- The Washington Times - Monday, September 8, 2008


ABC lands Palin interview

NEW YORK | Republican vice-presidential candidate Sarah Palin has agreed to sit down with ABC’s Charles Gibson later this week for her first television interview since Republican presidential nominee John McCain chose her as his running mate more than a week ago.

ABC would not release any details about where and when Mr. Gibson would question Mrs. Palin; a McCain-Palin adviser had said earlier Sunday that the interview was expected to take place later this week in Alaska. The interview with Mrs. Palin was confirmed Friday, ABC News spokesman Jeffrey Schneider said.

The first-term Alaska governor has given speeches alongside Mr. McCain since becoming his surprise pick Aug. 29. But Democrats already have begun to question why Mrs. Palin has not been put before reporters to answer questions.

Mr. McCain, who on Sunday appeared on CBS’ “Face the Nation,” said he expected Mrs. Palin to start doing interviews “in the next few days.”


Biden downplays debating a woman

Democrat Joseph R. Biden Jr. says he has debated “an awful lot of tough, smart women” throughout his career and that next month’s vice-presidential debate with Republican Sarah Palin will be no exception. But he’d like to know where she stands on issues.

“She’s a smart, tough politician, so I think she’s going to be very formidable,” Mr. Biden told NBC’s “Meet the Press” on Sunday.

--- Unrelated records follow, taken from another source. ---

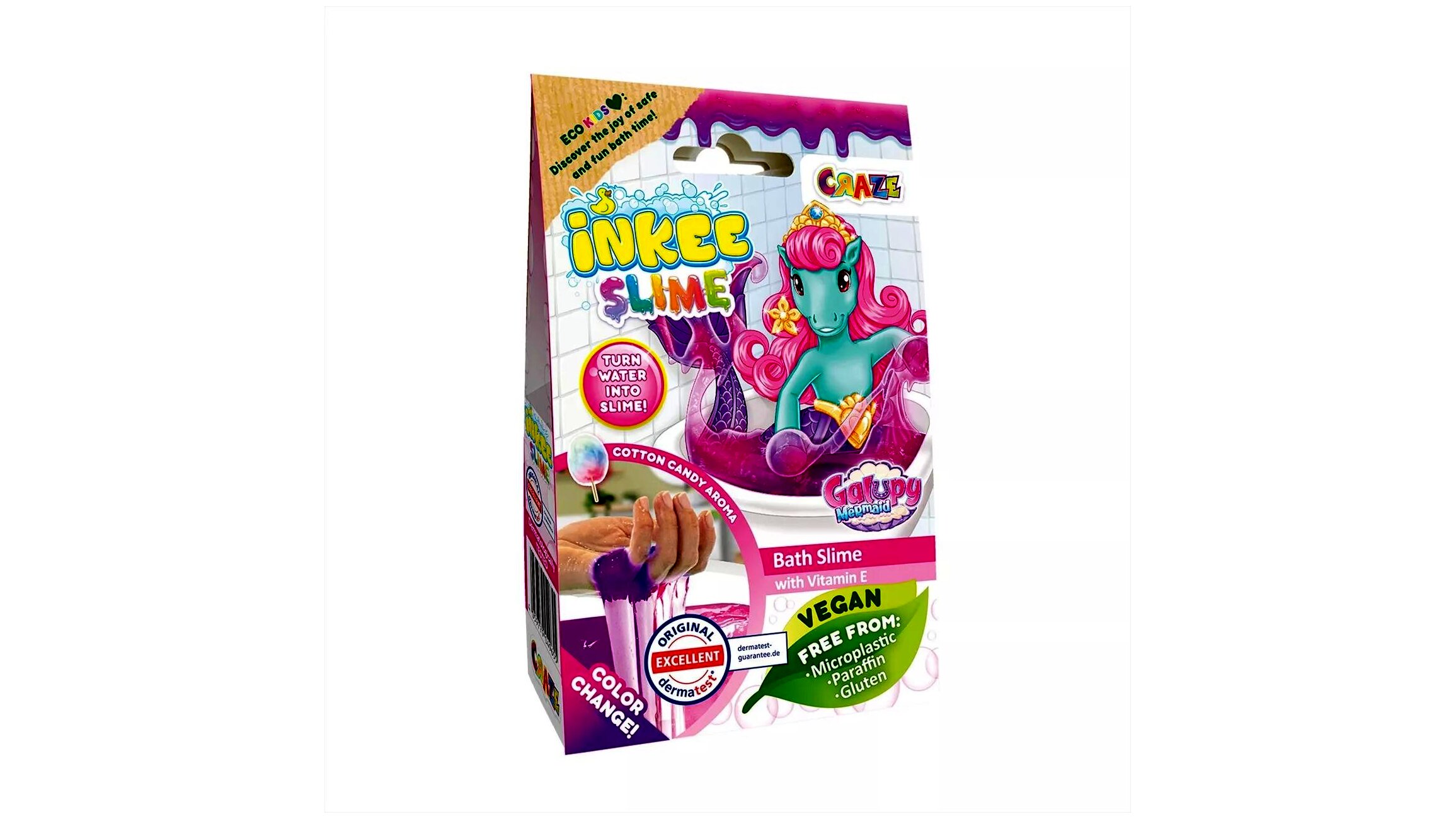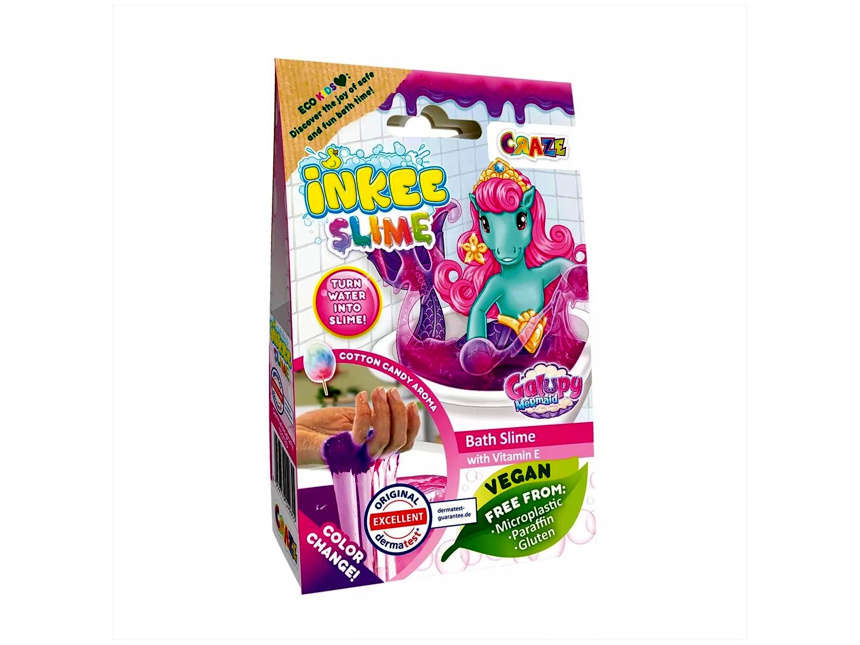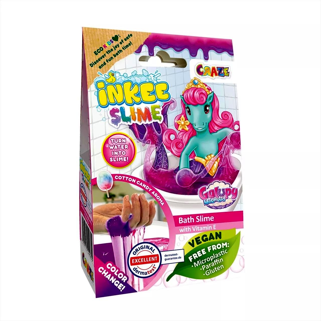 Az Inkee Galupy sellő vegán fürdő slime egy fürdővízbe szórható por, amely a vízben nyúlós, színes slime-má alakul. A mindennapi fürdést játékos élménnyé teszi, miközben bőrbarát összetevőkkel készült és kellemes vattacukor illatot ad a fürdéshez.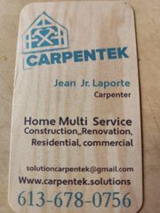Bonjour,merci pour votre interet je suis JeanJr.Laporte, j'ai plus de 33 ans d'experience dans le millieu de la Construction,j'ai travaillé pour les compagnies local et pour les plus grosse compagnie du Canada j'ai participé à de petit projets jusqu'à des MEGA projets. Je suis heureux d'offrir mes Service et mon expérience de menuiseries, pour la region de Prescott and Russell et S.D.G Ontario, touts genre de projet, intérieur, extérieur, petit et gros.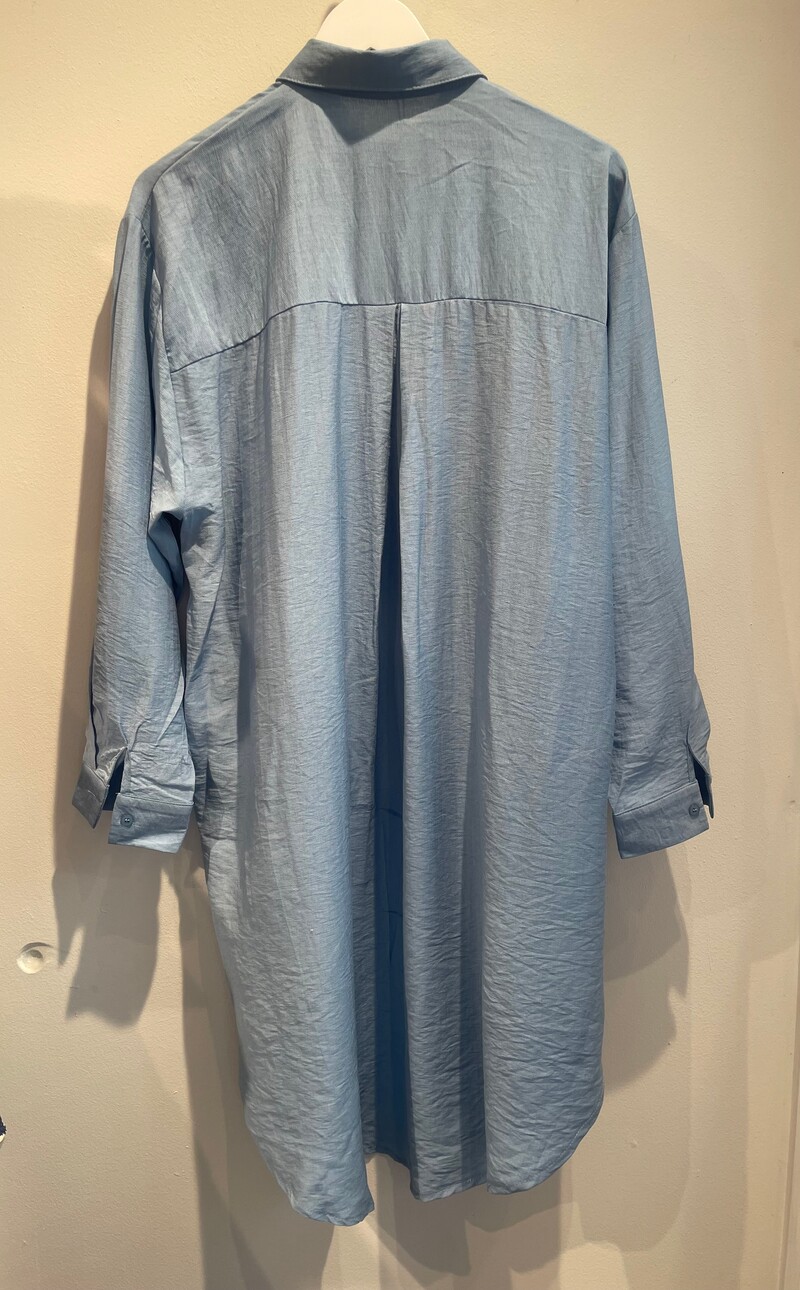 Fineste blå kjole/tunika fra By Lund. Den har lange ærmer, er gennemknappet og har længere stof bagtil, hvilket tilføjer et feminint touch til dit outfit. Foran har den de sødeste broderier som giver en fornemmelse af forår og sommer.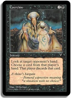 Look at target opponent's hand. Choose a card from that player's hand. That player discards that card.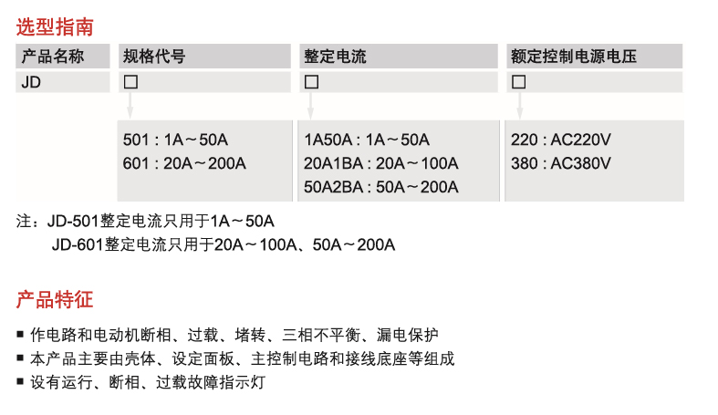 JD-501 (601) series intelligent motor protector is used as the phase loss, overload, stall, three-phase imbalance, and leakage protection of circuit and motor. This product is mainly composed of a shell, a setting panel, main control circuit and a wiring base, and has a run, phase loss, overload fault indicator.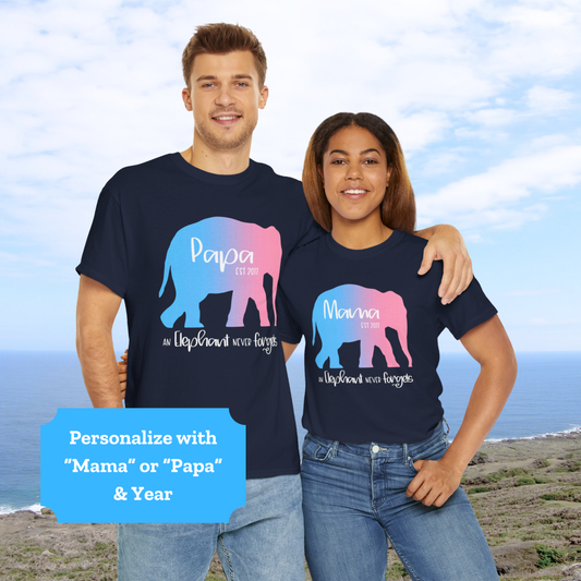 Mama/Papa Est Year Elephant Never Forgets—Baby Loss Remembrance (unisex t-shirt)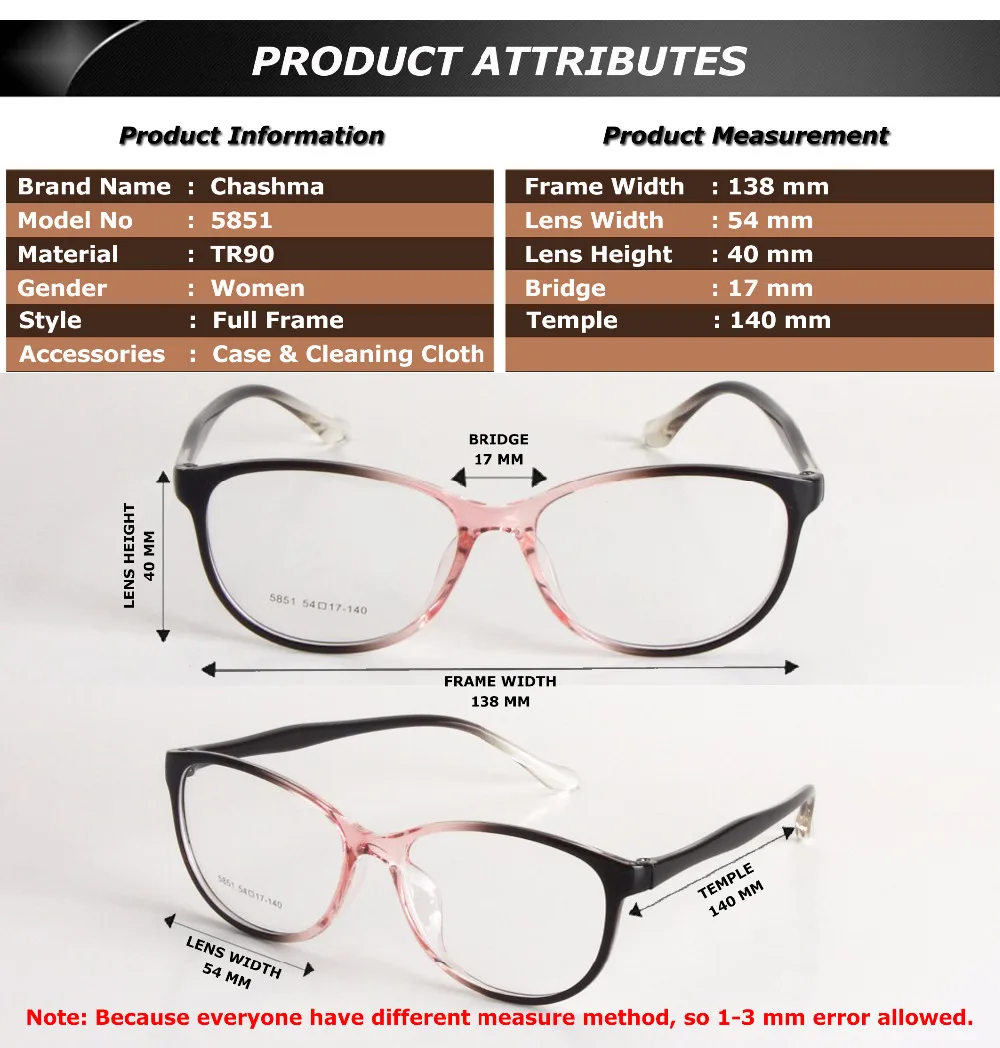 Measurement:54-18-145 (lens width- bridge-temple)

The senator from Delaware and the governor of Alaska are scheduled to debate Oct. 2 at Washington University in St. Louis.

Mr. Biden, serving his sixth term in Congress, said “there’s a lot of very tough, smart women in the United States Senate I debate every day.” So going up against the first-term governor, he said: “It’s not new.” He also mentioned his wife, Jill, who has a Ph.D.

Asked whether he would debate Mrs. Palin differently than he would Republicans Mitt Romney or Tom Ridge, two former governors who figured into speculation about John McCain’s running mate, Mr. Biden said the only difference is that he knows their positions on issues.

“I have no idea what her policies are. I assume they’re the same as John’s. I just don’t know,” he said of Mrs. Palin.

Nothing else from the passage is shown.